I think he is not. it has so much meaningful hidden thought provoking subjects that even its directors could not decipher the meaning out of it, leave alone ordinary people. It is said that the wachowskis are still researching on the topic.

I thought a little about the topic too & understood that the entire movie happens in the dreams of Jupiter Jones (not the three investigator one). She hates her job & her dull life & like any other ordinary girl wants to become a princess/queen of some land with a handsome husband.
The movie has the name of jupiter because like jupiter her dreams are massive or gigantic!



Spoiler



Your sense of humor is low if you have taken the above explanation seriously.


----------



## Vyom (Dec 20, 2015)

^^ I get what you mean. I am weak in understanding Sarcasm.. but I am learning.


----------



## Ronnie012 (Jan 12, 2016)

Actually I admit, I made a mistake in naming this thread. My initial intention was to create a thread  that was about science fiction movies in general(irrespective of being mind boggling or not.) I used those terms"Intellectually inspiring, thought provoking, mind boggling"  just to add masala to the topic. 

P.s - Read the P.s on the 1st page.
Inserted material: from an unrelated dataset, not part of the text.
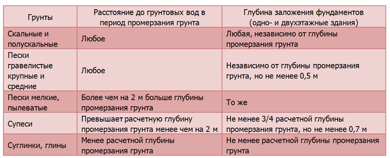 La base est conçue de manière à ce qu'après avoir été mouillée dans le sol, il n'y ait pas de glissements et de glissements, dont dépend l'intégrité de la maison. Dans les sols gonflants, la fondation est posée 10 à 20 cm sous le point de congélation, et dans les sols stables, le niveau de gel n'est pas particulièrement important. Dans les bases préfabriquées, la taille de la fondation est prise comme un multiple de la hauteur du bloc de béton armé.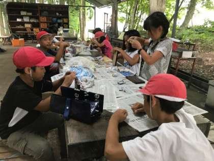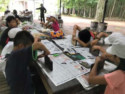 磨き終わった板に、金具と板を吊るすひもをつける作業です。

I hope I made myself clear.


----------



## ankush28 (Jan 12, 2016)

Add "The Martian"

- - - Updated - - -



Ronnie012 said:


> Actually I admit, I made a mistake in naming this thread. My initial intention was to create a thread that was about science fiction movies in general(irrespective of being mind boggling or not.) I used those terms*"Intellectually inspiring, thought **provoking**, **mind boggling**" just to add masala to the topic.*
> 
> P.s - Read the P.s on the 1st page. I hope I made myself clear.


*Relevant* 2:41 - 3:30


----------



## Ronnie012 (Jan 30, 2016)

ankush28 said:


> Add "The Martian"
> 
> - - - Updated - - -
> 
> ...



Added!


----------



## Ronnie012 (Jun 14, 2016)

Added Project Almanac. Another mind boggler!

- - - Updated - - -

Hello friends, keep this thread active please.


----------



## 101gamzer (Jan 13, 2017)

Add Donnie Darko,Another earth,the thirteenth floor,Pi,truman show

Sent from my SM-A510F using Tapatalk


----------



## jackal_79 (Jan 13, 2017)

Also, arrival and passengers.

Sent from my LG-D802T using Tapatalk


----------



## Ronnie012 (Jun 26, 2017)

Thanks added Another earth,the thirteenth floor,Pi,truman show,arrival and passengers.

Donnie Darko already in list.

P.s, Just noted - Thread completed 2 years!


----------



## sam9s (Jul 9, 2017)

*coherence* .... Boy oh Boy what a mind twisting, convoluted this movie was, well in a good way. I had to "seriously" watch it twice right one after another to get what exactly it is. (And I have never done that). Ahs anyone of you seen *Triangle* .... if that was a bit convoluted and twisted to follow, coherence is BAAP of triangle, agree the "thrill" aspect was more in triangle, and it was more "entertaining" as such but as far as intertwingling and complexities of the plot goes... in my entire life I think handful of movies will be out there that would match coherence. 

I won't give much of the plot but will say it involves around the concept of alternate reality and that is all I think I should say about this movie. 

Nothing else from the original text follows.